Your answer should hold exactly the lines below from the line with "New York Attorney" through the line with "Уже цієї суботи, 27", both included, and no pictures at all.

==== RECORDS FOR THIS TASK

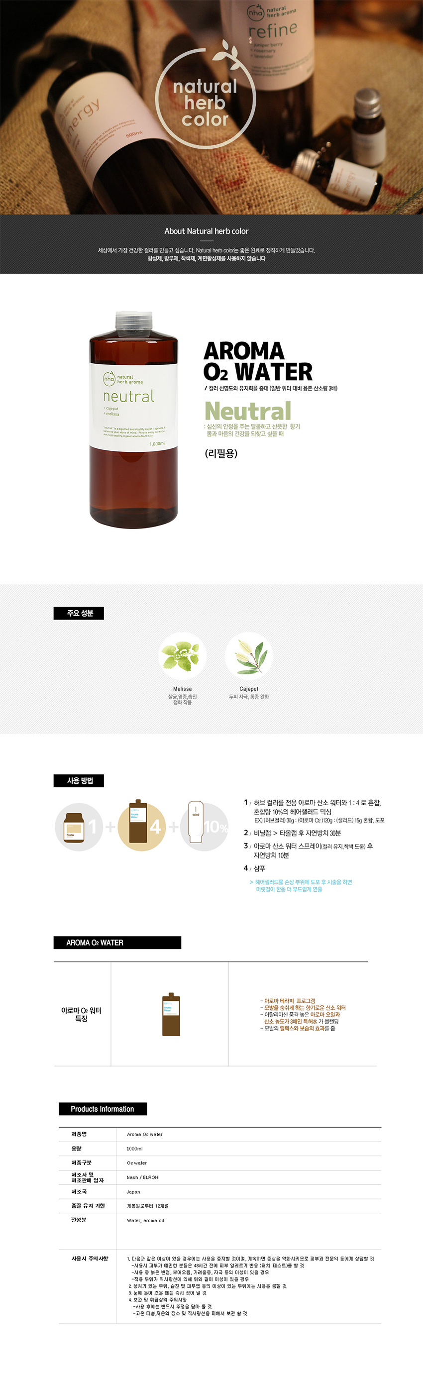 엘로이 아로마 O2 water 뉴트럴 (neutral) 1000ml
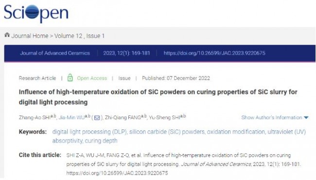 近些年,增材制造技术的发展为复杂结构SiC陶瓷的制备提供了可能性。数字光处理 (DLP) 作为一种光固化增材制造工艺,具有很高的成形精度和成形质量,被广泛运用于生物支架、电子元器件、机械耐热结构件等精密陶瓷件的加工领域。虽然氧化物陶瓷的DLP制备比较成熟,但是SiC等非氧化陶瓷的DLP制造依然存在困难,主要难点在于:相比于各类氧化物陶瓷,非氧化物SiC陶瓷对紫外光具有更高的折射率和吸光度。因此,在DLP成形过程中紫外光被大量反射、散射和吸收,导致浆料固化深度低难以固化成形。
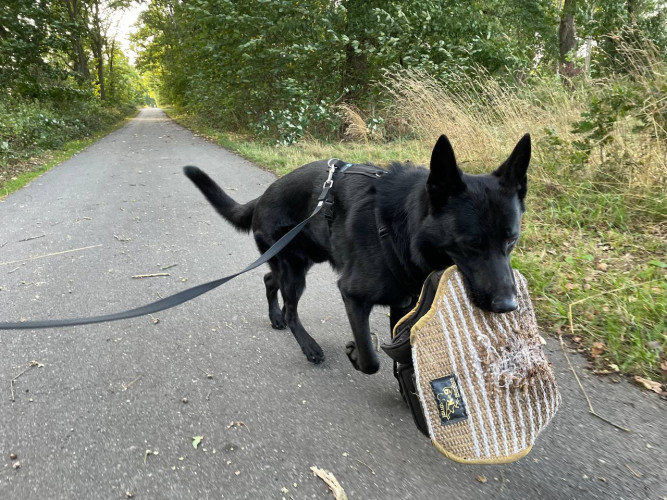 Training läuft zurzeit echt gut. Noch vor ein paar Wochen konnte ich ohne Ramba Zamba nicht durch eine Personengruppe marschieren, er wollte zu jedem hin. Auch andere Hunde haben ihn oftmals total aus der Bahn geworfen und abgelenkt. Jetzt, seit wir Begegnungen auf dem Platz echt immer üben, läufts super. Er geht mittlerweile an der Futterhand durch die Personengruppe und ist dabei frei. Meine Trainerin hält ansonsten die Schleppleine, um zu sehen auf welche Reize er noch stark reagiert. Lustigerweise hat er aber kein einziges mal versucht, abzuhauen zum anderen Hund etc. Er ist sehr motiviert, spult meist seine ganzen erlernten Dinge ab um zu gefallen, Bellt auch vor Freude bevor er an die Futterhand darf. Ein Hund ist während des Trainings immer in der Ablage positioniert. Somit muss Romeo zwischen den Einheiten auf seiner Decke liegen obwohl der andere Hund am Trainieren ist.
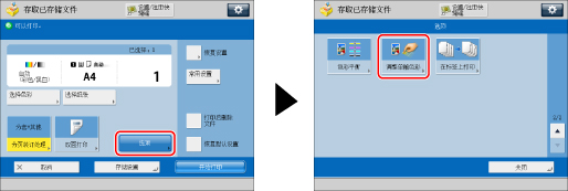 “调整单触色彩”模式设置实际上是预置色彩平衡设置。因此,如果更改“调整单触色彩”模式设置,所做的任何色彩平衡设置都随之更改。 不能为来自计算机并存入存储箱的文件设置“深褐色调”模式。如果设置“深褐色调”模式后按[开始打印],屏幕上会显示一条信息,提示重新设置。 打印存储在存储箱中的CMYK格式的文件时无法指定“调整单触色彩”模式设置。 |
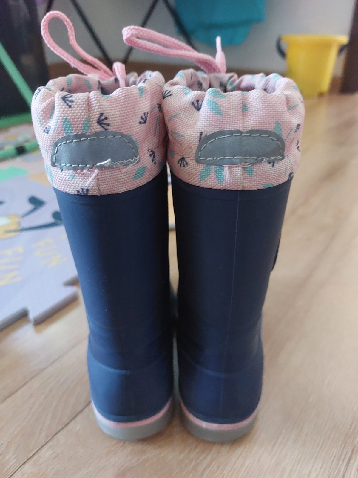 Gumáky sú nosené, na pohľad super, len nálepky na boku sú trochu ošúchané. Stále pekne blikajú. Podrážky na pätách sú zošúchané, lebo detská najradšej v gumákoch blikali :) Ale netrčie do nich. Cen...
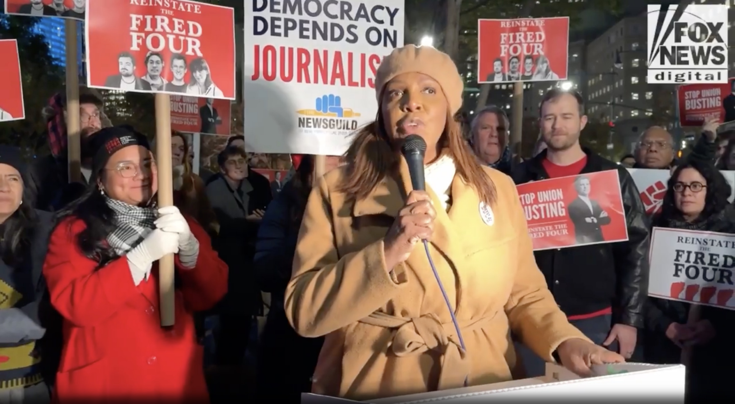 New York Attorney General Letitia James threatened to take Condé Nast to court over the “Fired Four” on Wednesday night during a union rally outside the company’s World Trade Center headquarters.
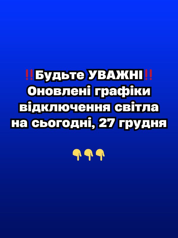 Уже цієї суботи, 27 грудня, мешканці Києва, Київської та Дніпропетровської областей знову зіткнуться з плановими відключеннями електроенергії — ДТЕК оприлюднив оновлені графіки, які суттєво різняться залежно від району. Це важливо знати кожному: тривалість перебоїв може сягати від 6 до понад 10 годин на добу, а графіки можуть змінюватися навіть протягом дня.
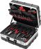 (CIMCO-Artikelnr. 17 0500), ein robuster Werkzeugkoffer aus stoßfestem Kunststoff mit stabilem Aluminiumrahmen und zwei robuste abschließbaren Kippschlössern. Ausgestattet mit einer tiefgezogenen Bodenschale mit zahlreichen Unterteilungsmöglichkeiten sowie eine tiefgezogene Bodenabdeckplatte, die einseitig mit Werkzeugtaschen bestückt ist. Zudem eine herausnehmbare Werkzeugtafel mit Dokumentenfach und einer Vielzahl von Werkzeugeinsteckfächern. Größe: LxBx 450x395x205 mm, Innenmaß L/B/H1/H2/H#: 430/390/100/100/200 mm, Gewicht: leer 3.450 g, bestückt 6.500 g. Werkzeugkoffer-Bestückung, je 1x: VDE-Telefonzange mit gebogenen Backen, 200 mm (10 0238), Schraubenzange, 160 mm (10 0352), VDE-Kraftseitenschneider, 200 mm (10 0528), Elektronik-Seitenschneider (10 1040), 1.000 V Schlitz-Schraubendreher 3,0x0,5x100 mm (11 7702), 1.000 V Schlitz-Schraubendreher 4,0x0,8x100 mm (11 7704), 1.000 V Schlitz-Schraubendreher 5,5x1,0x125 mm (11 7705), 1.000 V Kreuzschlitz-Schraubendreher, PZ 1x80 mm (11 7751), 1.000 V Kreuzschlitz-Schraubendreher, PZ 2x100 mm (11 7752), Spezial-Schraubendreher mit Kombi-Profil, PZ FL 1 x 80 mm (11 7741) Spezial-Schraubendreher mit Kombi-Profil, PZ FL 2x100 mm (11 7742), 1.000 V TX-Schraubendreher 155 mm, T 10x60 mm (11 7910), 1.000 V TX-Schraubendreher 170 mm, T 15x75 mm (11 7915), 1.000 V TX-Schraubendreher 195 mm, T 20x100 mm (11 7920), 1.000 V TX-Schraubendreher 195 mm, T 25x100 mm (11 7925), Kabelentmantler ALLROUNDER, 4 - 15 mm ø (12 0009), Automatische Abisolierzange Power Strip, Länge 170 mm (10 0770), VDE Kabelschere, 180 mm (12 0114), Universal-Schaltschrankschlüssel (11 2894)Schaltschrank-Wasserwaage mit Magnet, 250 mm (21 1528), Presszange click `n` crimp Elektrotechnik (10 6000), Locator Box für Kabelentmanteler (12 9009)
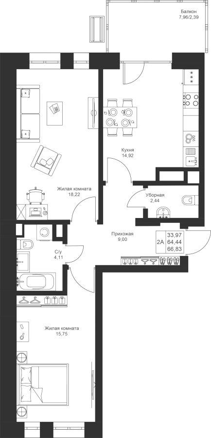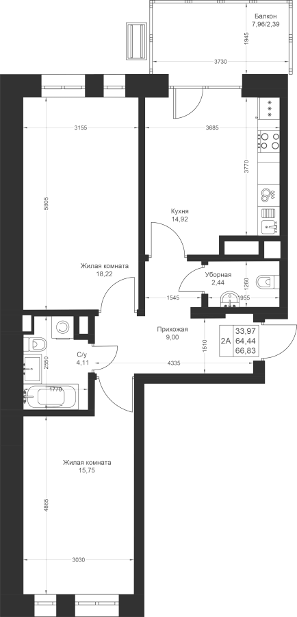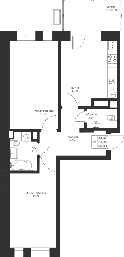 2-к квартира 66.83 м²
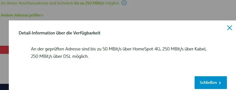Ob es einen solchen DSL-Ausbau gab, kannst du in der o2 Verfügbarkeitsprüfung erkennen, indem du auf das kleine “i” klickst.
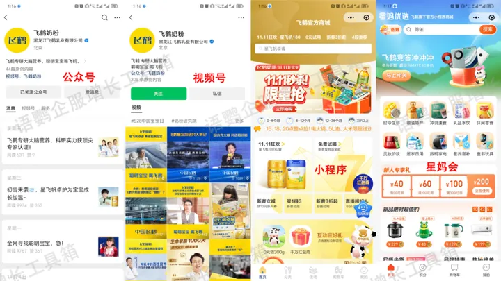 飞鹤奶粉始建于1962年,是中国最早的奶粉企业之一。随着宝妈人群年轻化,线上消费占比增大,飞鹤奶粉先后搭建了官方公众号、视频号、小程序商城、企业微信号、社群、星妈会育儿平台等一系列私域矩阵,在线上进一步开拓市场。
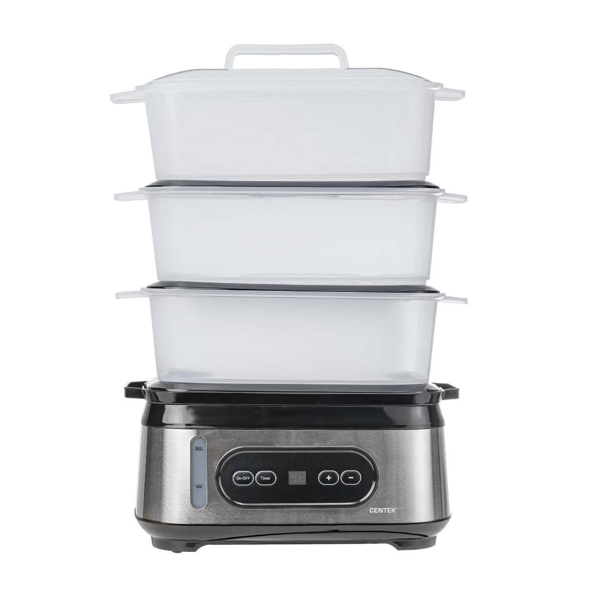 Пароварка Centek для приготовления вкусной и здоровой пищи. Пароварка снабжена надежной системой защиты прибора, исключающей возможность опасных ситуаций, связанных с недостаточным количеством воды.
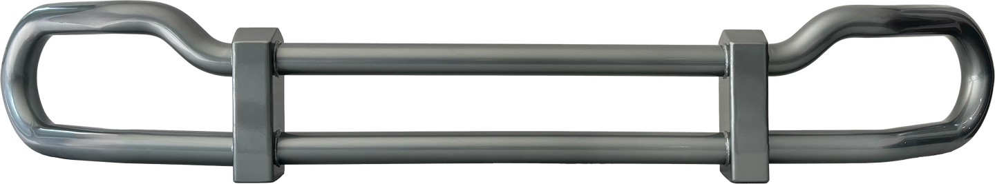 Tubo con diámetro estructural total de 3.000” con tornillería automotriz grado 5. El diseño generativo en las curvas permite distribuir eficientemente la fuerza de impacto hacia los laterales del vehículo. Compatible con el sistema de radar del camión.

========

**YOUR SOLUTION:**
 New York Attorney General Letitia James threatened to take Condé Nast to court over the “Fired Four” on Wednesday night during a union rally outside the company’s World Trade Center headquarters.
 Уже цієї суботи, 27 грудня, мешканці Києва, Київської та Дніпропетровської областей знову зіткнуться з плановими відключеннями електроенергії — ДТЕК оприлюднив оновлені графіки, які суттєво різняться залежно від району. Це важливо знати кожному: тривалість перебоїв може сягати від 6 до понад 10 годин на добу, а графіки можуть змінюватися навіть протягом дня.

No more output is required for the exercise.